- [WHAT IS BEING ASKED]: Your answer must be the line containing "Nekdaj dne je" and each following line to the end of the listing below, copied exactly, with pictures removed and nothing added.

- [INFORMATION SHOWN]:

Segment Open

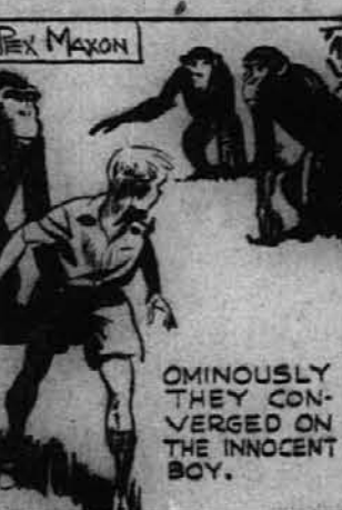
OMINOUSLY THEY CONVERGED ON THE INNOCENT BOY.

Nekdaj dne je lačen lev napadel opice. Veliki samiec se je pognal, da napade strašnega leva. Tedaj je druga opica pripomnila, da je Tarzan ubil leva s sulico in prav tako lahko napravi ta novi deček. "Ubij!" je zaklicala Tommyju Deček je razumel. Pograbil je sulico in jo zagnal proti levu. Zgrešil je lev je pa pobegnil z opico Bala. Opice so bile presenečene. Vsekako so dečka obtoževale zaradi tega. Groznilo so se tedaj obrniti proti nedolžnemu Tommyju.
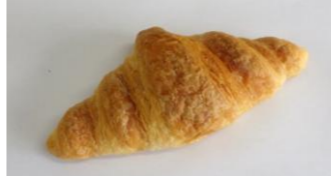
◆クロワッサン (20g, 30g) 行事食献立等に好評
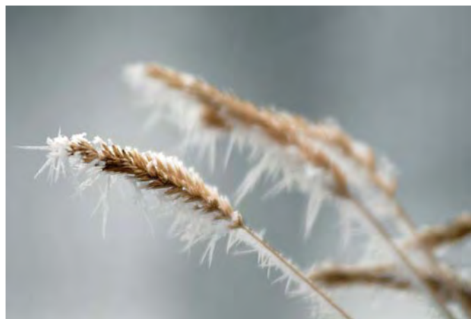
Rime on Grass by/par Gabor Fricska

Segment Closed

- [FINISHED EXERCISE]:
Nekdaj dne je lačen lev napadel opice. Veliki samiec se je pognal, da napade strašnega leva. Tedaj je druga opica pripomnila, da je Tarzan ubil leva s sulico in prav tako lahko napravi ta novi deček. "Ubij!" je zaklicala Tommyju Deček je razumel. Pograbil je sulico in jo zagnal proti levu. Zgrešil je lev je pa pobegnil z opico Bala. Opice so bile presenečene. Vsekako so dečka obtoževale zaradi tega. Groznilo so se tedaj obrniti proti nedolžnemu Tommyju.
◆クロワッサン (20g, 30g) 行事食献立等に好評
Rime on Grass by/par Gabor Fricska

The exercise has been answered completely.